In this step I started to follow the tutorial, How To Set Up Multiple WordPress Sites on a Single Ubuntu VPS. In my case I was going to use a wordpress folder under the default directory for the main blog and a second folder under www for the second blog. I created two virtual host files, yourdomain.com.conf and yourdomain1.com.conf, for my two blogs. The original tutorial omitted the conf extension.

Step 5. Restore Database and Files

This is when I learned the most important lesson. My first Mysql backups were incomplete or bad when I tried to load them. I had poor results trying to load compressed files. So I made it simpler.

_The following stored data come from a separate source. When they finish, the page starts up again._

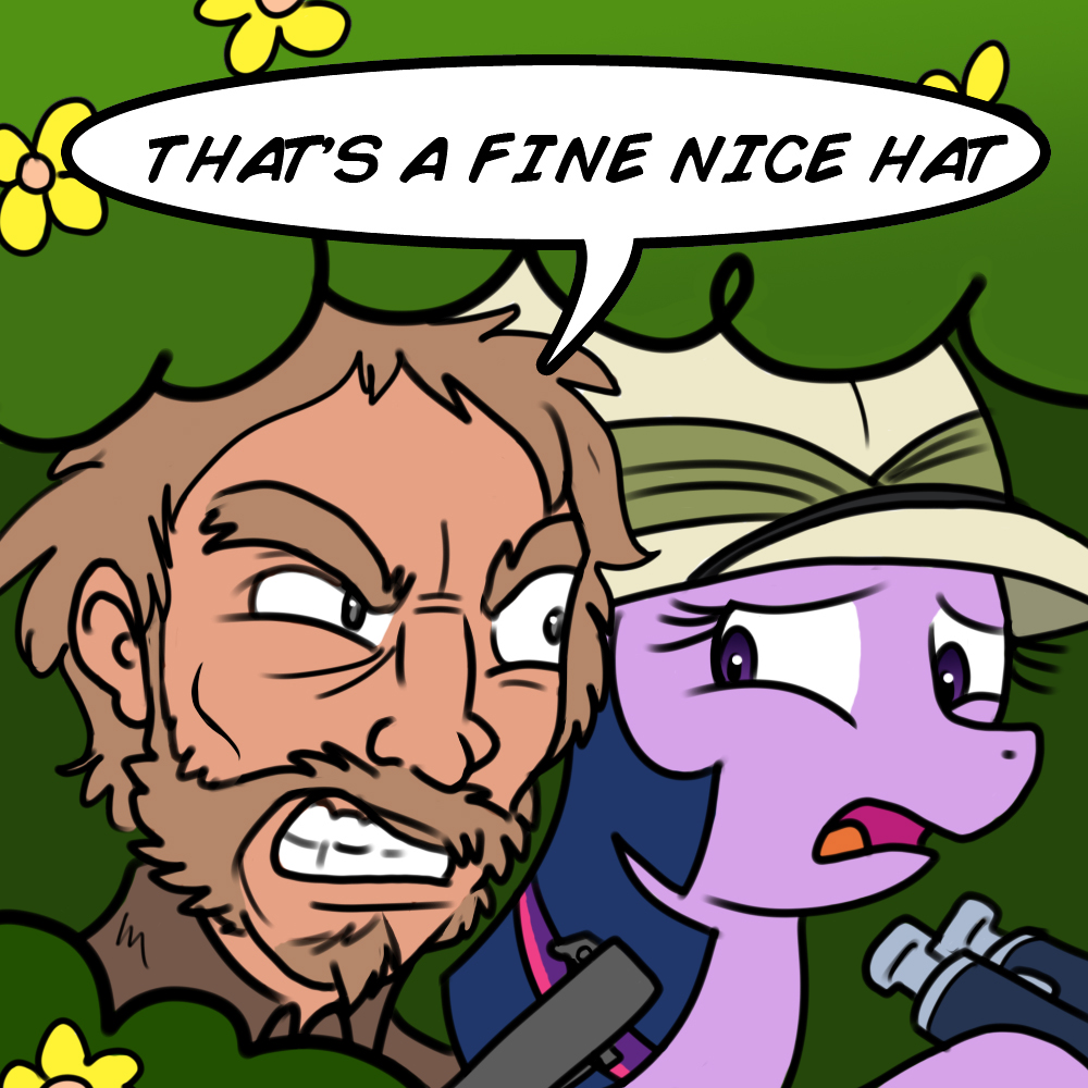 Twilight looked at the ancient box; it was heavy and unusually cold to the hoof when she touched it. The most peculiar thing about it was in the top left corner, there was a picture of a hat- it matched perfectly the one she discovered when she first moved into the Ponyville library, next to some binoculars and other knick-knacks she found in a closet. The creature wearing the hat, though, was like no pony she’d ever seen before, the snout was all wrong and the eyes too small. She shuddered nervously and looked around again.
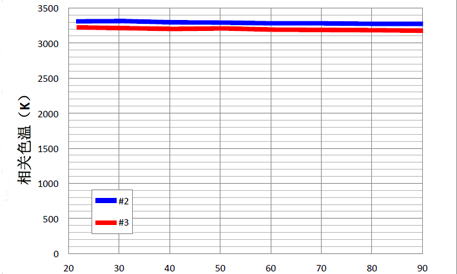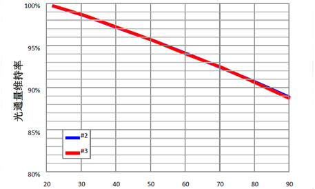 從圖 4~圖 6 結(jié)果看來(lái),從 20℃到 90℃的溫度變化下,光通量衰減了 11%左右,衰減率約為 0.16%/℃,相關(guān)色溫變化在 50K 以內(nèi),色坐標(biāo) x 變化 在 0.001 以內(nèi),色坐標(biāo) y 變化在 0.006 以內(nèi)...... [詳細(xì)]
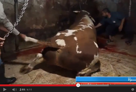 فيديو لذبح عجل ضخم في غزة يثير جدلاً على مواقع التواصل الاجتماعي

  1. I saved the Mysql backups to a temporary folder
  2. I compressed them.
  3. I transferred them to the new server.
  4. I uncompressed them.
  5. I created the database and user.
  6. I loaded the uncompressed file.

To restore the WordPress files :

  1. I transferred the compressed file to the server.
  2. I uncompressed the file in the home directory.
  3. I copied the files to the web server using:
    sudo rsync -avP wordpress/ /var/www/html/wordpress/ 
    sudo rsync -avP firstsite/ /var/www/firstsite/
  4. Give ownership of the directories to the Apache web user and then add your linux username to the web group:
    sudo chown www-data:www-data * -R
    sudo usermod -a -G www-data linux_user_name
  5. Configure each wp-config.php with the new Mysql usernames and passwords for the databases you just loaded.
  6. This is a good time to make sure that the WordPress permissions are set correctly.
    sudo find . -type f -exec chmod 644 {} +
    sudo find . -type d -exec chmod 755 {} +
    sudo chmod 600 wp-config.php
Step 6. Test your Blog

For me everything worked except for mail and some hard coded links in the widgets. To solve the mail problem I installed the wordpress plugin, WP-Mail-SMTP, and sSMTP for a simple and lightweight MTA for the system messages. All of my messages are sent through Gmail.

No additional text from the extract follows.